The input:
---

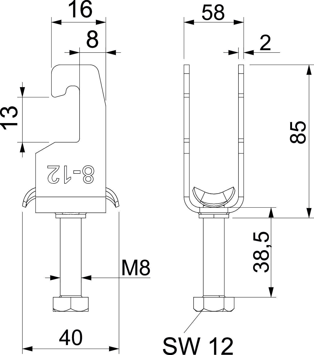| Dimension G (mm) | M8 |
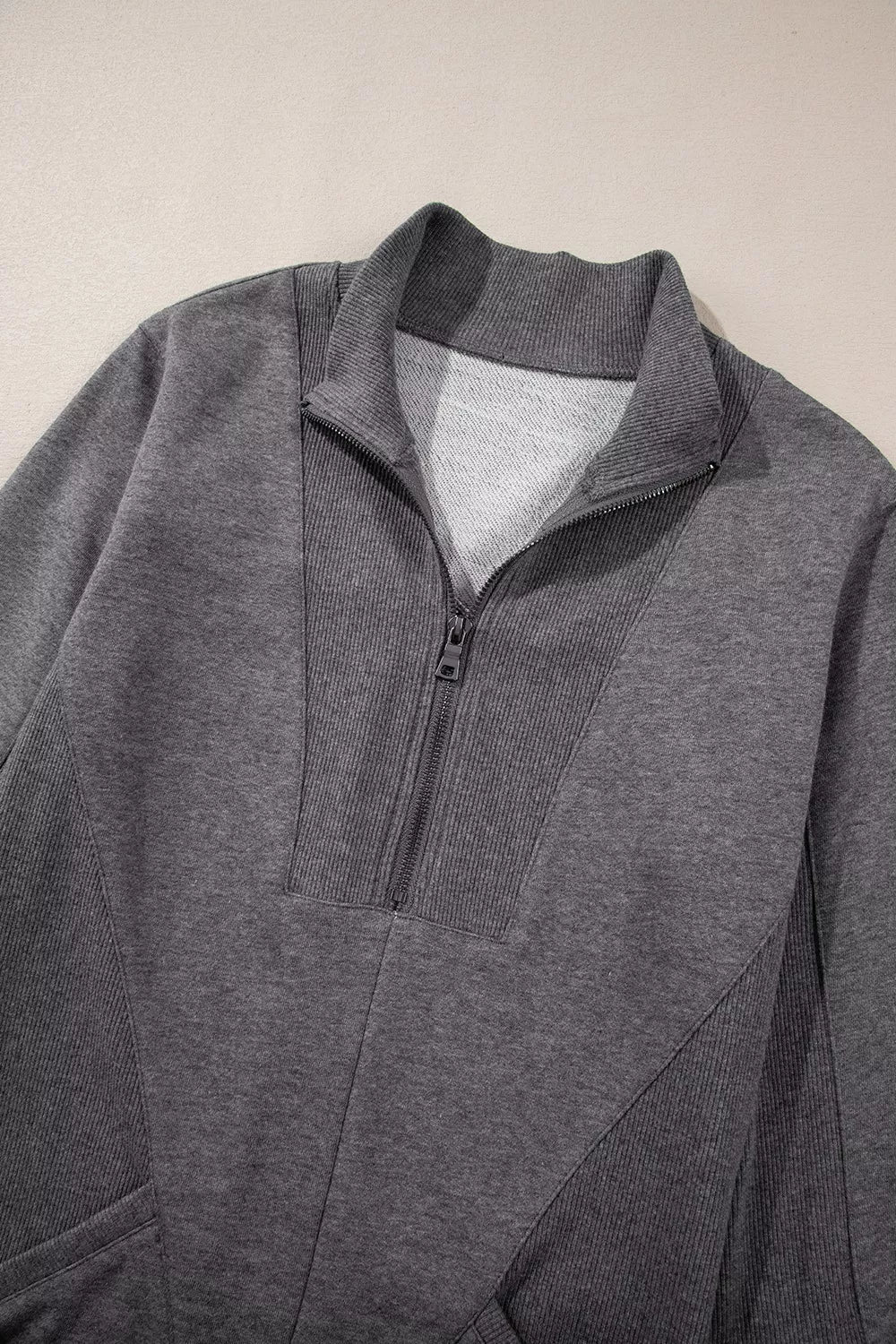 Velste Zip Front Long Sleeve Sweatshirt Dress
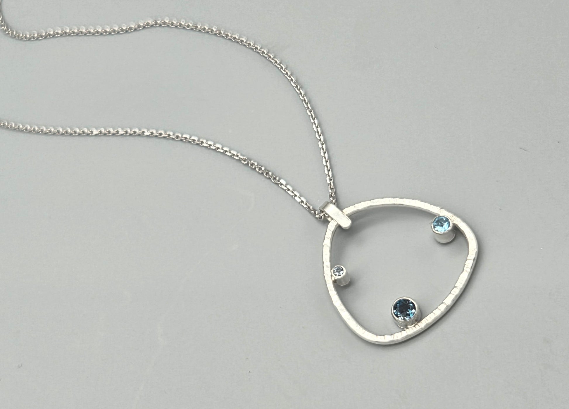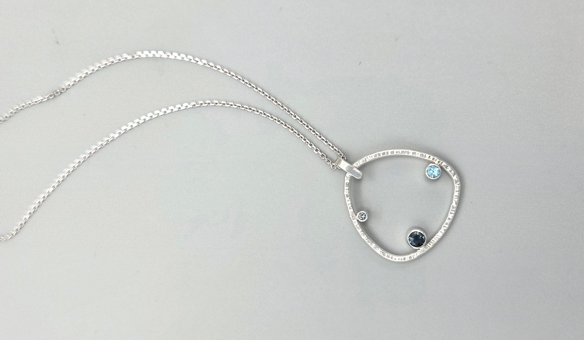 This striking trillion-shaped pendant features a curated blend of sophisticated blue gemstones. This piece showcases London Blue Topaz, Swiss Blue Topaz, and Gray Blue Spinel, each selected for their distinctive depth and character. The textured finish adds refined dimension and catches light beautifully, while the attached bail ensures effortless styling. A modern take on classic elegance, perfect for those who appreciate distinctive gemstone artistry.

---

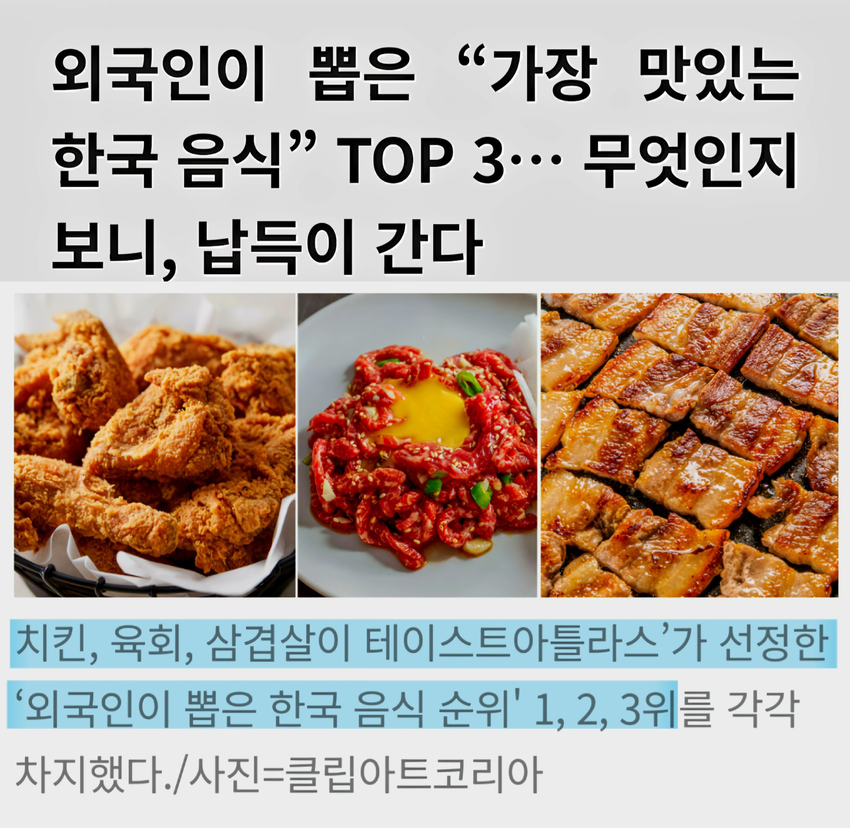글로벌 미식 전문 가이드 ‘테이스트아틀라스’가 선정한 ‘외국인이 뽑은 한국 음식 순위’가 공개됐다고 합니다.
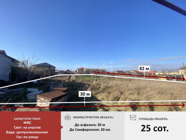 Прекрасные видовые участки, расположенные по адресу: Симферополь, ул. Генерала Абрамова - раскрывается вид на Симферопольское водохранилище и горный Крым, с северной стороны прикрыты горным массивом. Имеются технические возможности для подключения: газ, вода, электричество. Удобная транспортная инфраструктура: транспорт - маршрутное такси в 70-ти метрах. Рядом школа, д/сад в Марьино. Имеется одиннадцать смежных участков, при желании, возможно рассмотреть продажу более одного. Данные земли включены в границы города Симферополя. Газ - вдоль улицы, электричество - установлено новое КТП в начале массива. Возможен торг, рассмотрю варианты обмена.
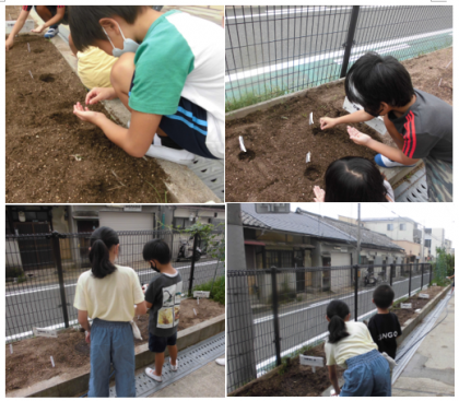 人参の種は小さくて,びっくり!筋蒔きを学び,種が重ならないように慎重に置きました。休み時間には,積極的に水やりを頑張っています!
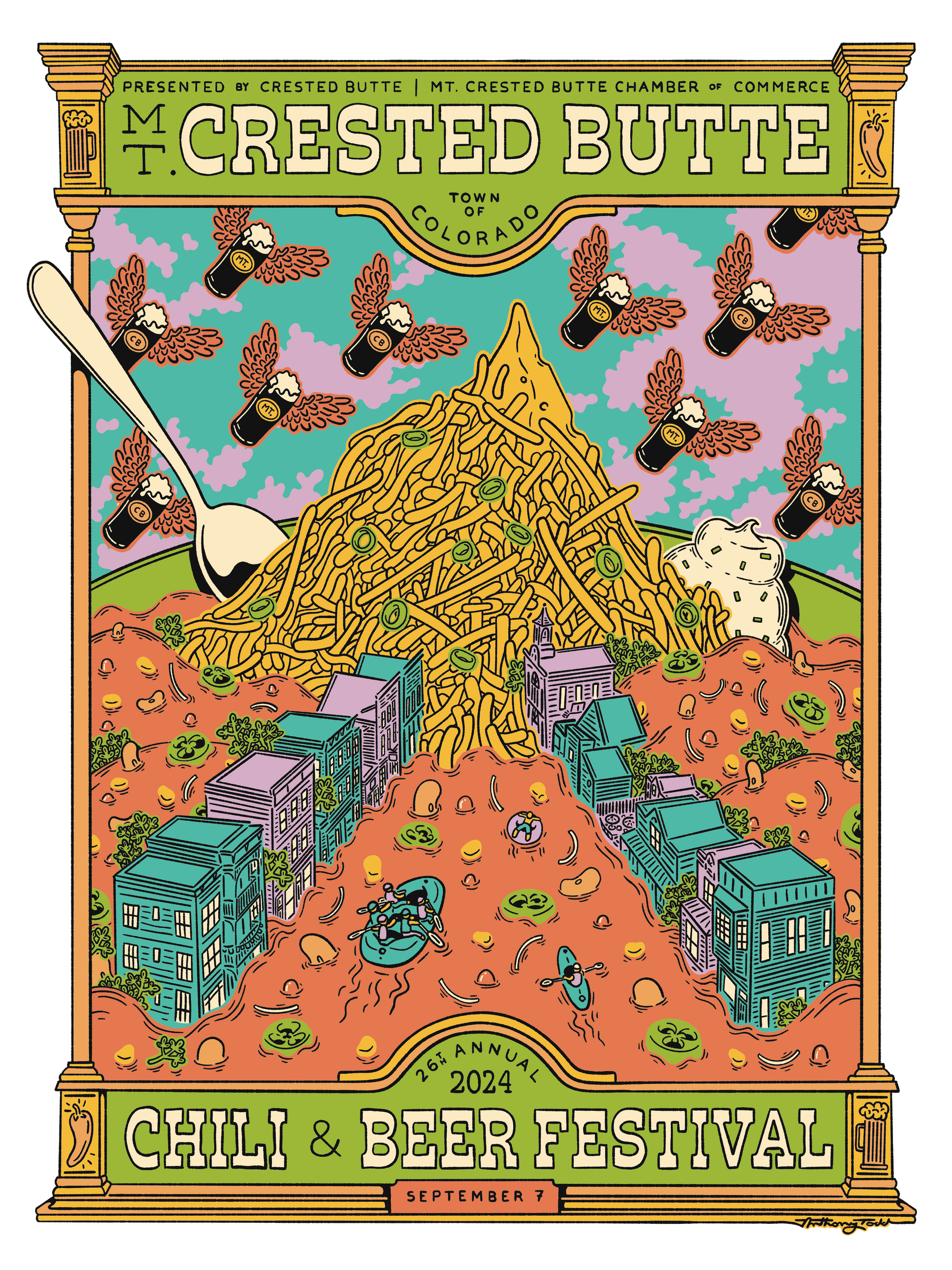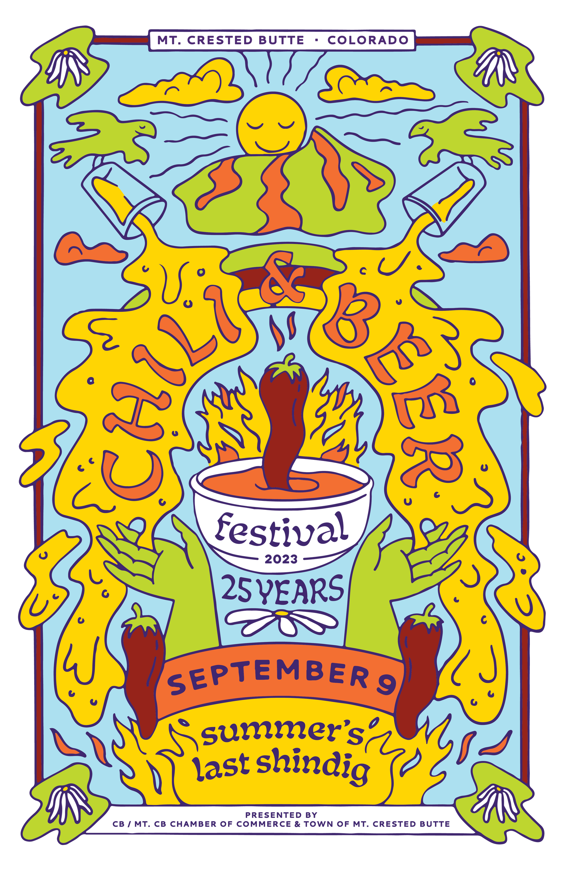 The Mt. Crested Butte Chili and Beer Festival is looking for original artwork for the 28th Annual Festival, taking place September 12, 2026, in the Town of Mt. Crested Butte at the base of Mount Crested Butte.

---

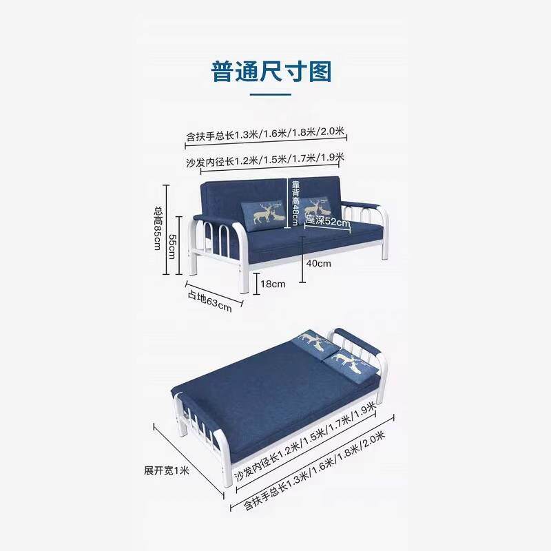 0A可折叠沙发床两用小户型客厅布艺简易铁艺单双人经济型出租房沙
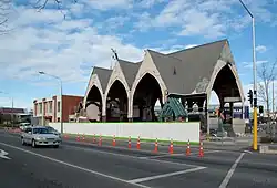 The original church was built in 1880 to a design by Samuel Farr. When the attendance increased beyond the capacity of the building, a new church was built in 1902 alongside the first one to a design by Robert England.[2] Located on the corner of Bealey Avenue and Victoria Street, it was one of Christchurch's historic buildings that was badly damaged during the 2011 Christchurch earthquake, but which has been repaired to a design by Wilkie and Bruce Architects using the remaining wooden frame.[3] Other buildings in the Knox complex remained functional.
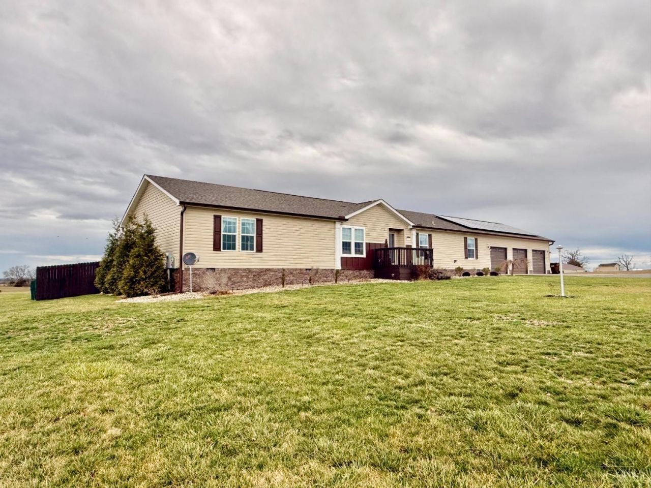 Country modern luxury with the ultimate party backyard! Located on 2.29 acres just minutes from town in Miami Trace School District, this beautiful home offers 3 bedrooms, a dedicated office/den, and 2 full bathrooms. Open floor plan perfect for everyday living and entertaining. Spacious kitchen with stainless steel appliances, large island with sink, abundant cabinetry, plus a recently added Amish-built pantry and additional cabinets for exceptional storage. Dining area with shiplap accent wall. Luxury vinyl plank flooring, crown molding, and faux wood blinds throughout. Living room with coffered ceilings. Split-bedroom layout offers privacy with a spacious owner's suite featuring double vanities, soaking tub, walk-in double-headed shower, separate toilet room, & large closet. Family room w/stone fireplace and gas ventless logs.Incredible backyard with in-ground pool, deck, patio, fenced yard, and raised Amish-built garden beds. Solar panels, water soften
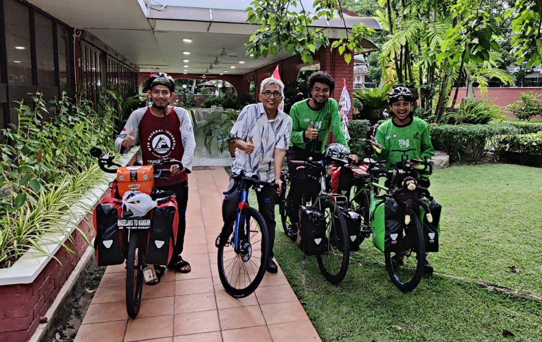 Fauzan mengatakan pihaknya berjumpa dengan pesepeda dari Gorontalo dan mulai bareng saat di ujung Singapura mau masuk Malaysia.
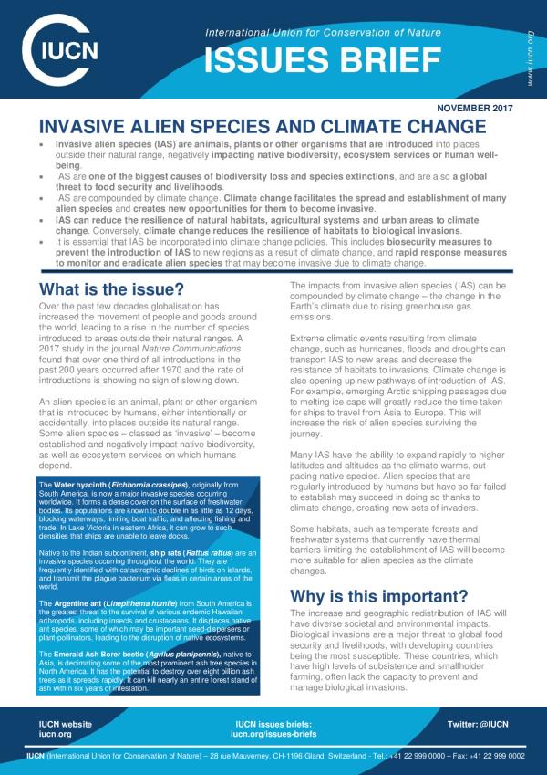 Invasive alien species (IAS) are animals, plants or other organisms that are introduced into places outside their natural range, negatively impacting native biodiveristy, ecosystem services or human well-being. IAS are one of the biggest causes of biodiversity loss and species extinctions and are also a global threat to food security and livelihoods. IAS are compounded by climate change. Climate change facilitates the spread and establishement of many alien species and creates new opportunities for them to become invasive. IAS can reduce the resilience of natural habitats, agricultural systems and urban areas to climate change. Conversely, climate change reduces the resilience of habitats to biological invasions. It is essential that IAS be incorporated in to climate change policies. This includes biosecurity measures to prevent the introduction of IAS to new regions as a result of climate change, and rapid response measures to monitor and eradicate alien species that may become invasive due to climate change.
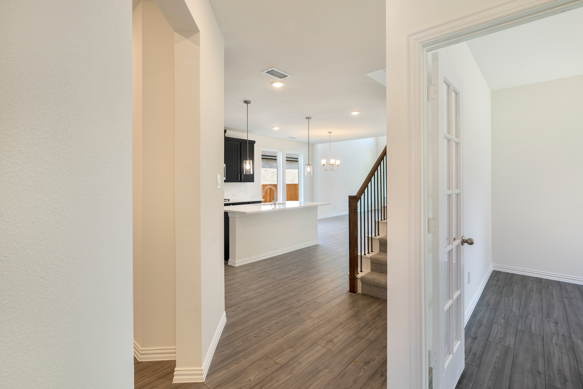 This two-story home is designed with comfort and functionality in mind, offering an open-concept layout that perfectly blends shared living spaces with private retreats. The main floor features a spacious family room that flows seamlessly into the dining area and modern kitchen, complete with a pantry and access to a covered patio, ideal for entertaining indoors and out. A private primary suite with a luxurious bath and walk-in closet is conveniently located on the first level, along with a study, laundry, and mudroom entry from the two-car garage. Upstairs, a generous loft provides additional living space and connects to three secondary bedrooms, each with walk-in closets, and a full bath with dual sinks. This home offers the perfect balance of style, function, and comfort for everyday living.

---

Task directions:
When you reach the line holding "G (mm) | M8 |" in the listing above, begin retyping exactly, and stop once the line holding "Velste Zip Front" is done; pictures stay out.

Task output:
| Dimension G (mm) | M8 |
 Velste Zip Front Long Sleeve Sweatshirt Dress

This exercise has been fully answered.